The South Carolina Supreme Court on Wednesday, October 19, 2022. Joshua Boucher jboucher@thestate.com
The S.C. Supreme Court on Wednesday heard arguments on the validity of $75 million in legal fees Attorney General Alan Wilson’s office paid to two private Columbia law firms in a settlement over storing deadly plutonium at the Savannah River Site.
The case, quite apart from thorny legal issues, has a potential political dimension for Wilson, who is said to be contemplating a run for governor in 2026.
Critics say that even if the $75 million fee turns out to be legal and properly calculated — 12.5% of a $600 million settlement — the optics alone of such a sizable fee could make it questionable in a political sense.

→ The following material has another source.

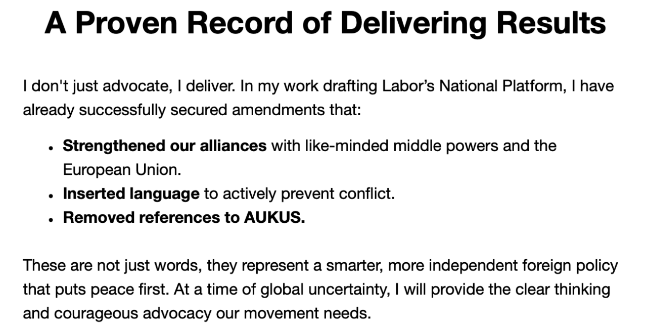 This was reflected in the final emails from Linda Scott just before ballots closing, where she shifted her language and claimed that she had made a real difference by “removing references to AUKUS” in the draft ALP National Platform through her role on the National Policy Forum.

Others say the fee was justified, and Wilson as attorney general had the authority he needed to write the contract that awarded a percentage of the settlement amount to private attorneys.
At Wednesday’s hearing, all five justices asked questions of opposing lawyers and appeared absorbed in the case, but — as is their practice — took no action and gave no hint as to when a decision might be forthcoming. Their ruling will take up legal, not political, issues.
Attorney Jim Griffin, representing plaintiff John Crangle and the S.C. Public Interest Foundation, spoke first.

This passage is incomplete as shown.